Retiro espiritual fortalece la vocación de servicio de colaboradores del Sanatorio ASCIM

Los colaboradores del Sanatorio ASCIM (Asociación de Servicios de Cooperación Indígena – Menonita) participaron el jueves 18 de junio de 2026 de un retiro espiritual realizado en el predio de Aurora Chaqueña, una jornada marcada por la reflexión, la renovación de la fe y el fortalecimiento de la vocación de servicio cristiano.

El encuentro se desarrolló en un entorno natural que favoreció momentos de comunión con Dios y de integración entre los participantes. Las actividades comenzaron con un tiempo de alabanzas dirigido por un equipo del propio sanatorio, preparando el ambiente para las exposiciones de la profesora jubilada en teología Elfriede de Verón, invitada especial que viajó desde Asunción para compartir las enseñanzas centrales del día.

La primera ponencia giró en torno al lema institucional de 2026: “Servir a Cristo siguiéndole”. Durante su exposición, la disertante invitó a los presentes a reflexionar sobre quién ejerce realmente la autoridad en sus vidas y a quién sirven en su día a día.

Explicó que toda persona sigue alguna voz: la propia, la de la sociedad, la del enemigo o la del Espíritu Santo. En ese contexto, profundizó en el significado del término griego Kyrios, utilizado en el Imperio Romano para designar a un amo, dueño o incluso al César como máxima autoridad, destacando que Jesucristo es el verdadero Señor que transforma la vida de quienes le siguen.

Para ilustrar esta enseñanza, recordó la conversión de Saulo de Tarso, quien tras encontrarse con Cristo abandonó el legalismo y el fanatismo para vivir con una nueva motivación y gozo. También presentó los casos de Mateo y Zaqueo como ejemplos de transformación genuina, en contraste con el Joven Rico, quien no estuvo dispuesto a renunciar al dominio que ejercían sus riquezas sobre su vida.

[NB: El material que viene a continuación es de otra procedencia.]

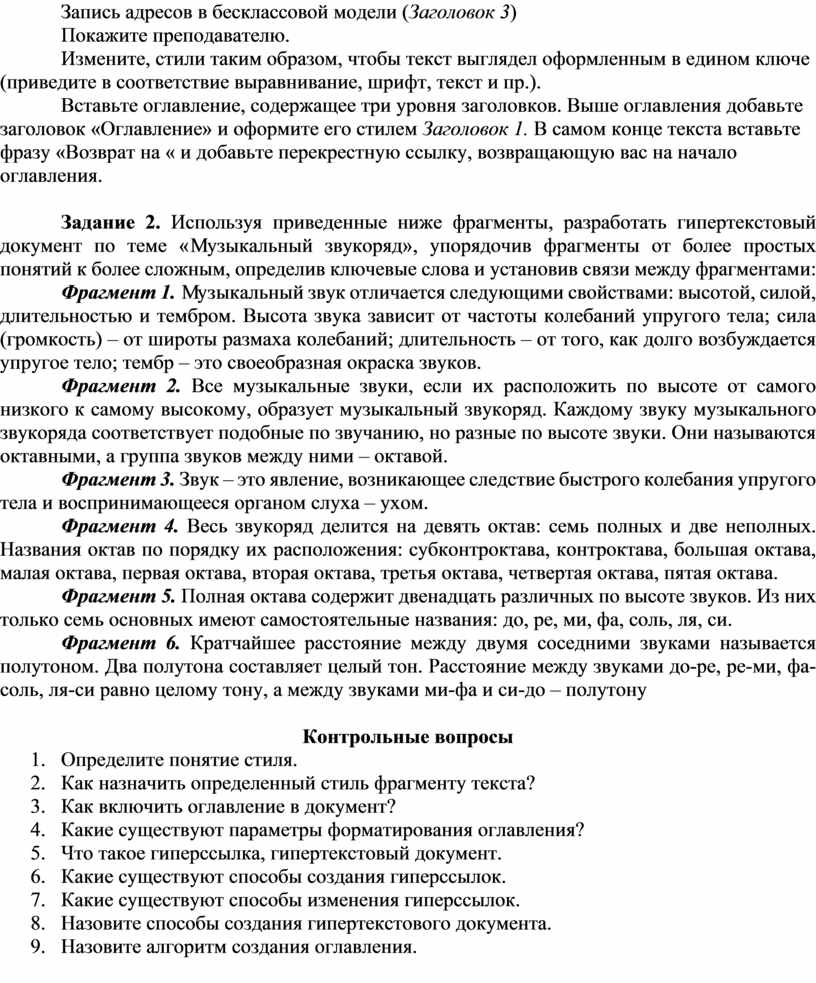 Задание 2. Используя приведенные ниже фрагменты, разработать гипертекстовый документ по теме «Музыкальный звукоряд», упорядочив фрагменты от более простых понятий к более сложным, определив ключевые слова и установив связи между фрагментами:

La primera parte concluyó con el mensaje de que reconocer a Jesús como Señor produce libertad, gozo y una transformación visible en la conducta de las personas.

Tras el almuerzo y diversas dinámicas grupales, se desarrolló la segunda ponencia bajo el tema “El camino del servicio”. En esta instancia, la profesora de Verón sostuvo que nadie puede servir verdaderamente al Señor si antes no le ha entregado el control de su vida.

Tomando como referencia la experiencia de Moisés, señaló que el servicio a Dios requiere humildad para reconocer las propias limitaciones y dependencia total de Él, más allá de las capacidades personales o la formación académica.

Asimismo, advirtió sobre el peligro de presentar excusas ante el llamado divino, recordando que las reiteradas objeciones de Moisés provocaron la intervención de Aarón, cuya participación terminó generando dificultades en distintos momentos de la historia bíblica.

La expositora también destacó la importancia de la obediencia cotidiana, el amor sincero hacia las personas a quienes se sirve y la disposición de realizar cada tarea para la gloria de Dios, sin depender del reconocimiento humano.

El retiro concluyó con un llamado a mantener una actitud correcta hacia Dios, hacia uno mismo, hacia el prójimo y hacia la labor encomendada, entendiendo que el trabajo puede convertirse en un verdadero ministerio cuando se realiza con fidelidad y entrega. Los participantes regresaron con el desafío de vivir su servicio diario bajo la convicción de que Dios honra a quienes le sirven de corazón y recompensa toda obra hecha para su gloria.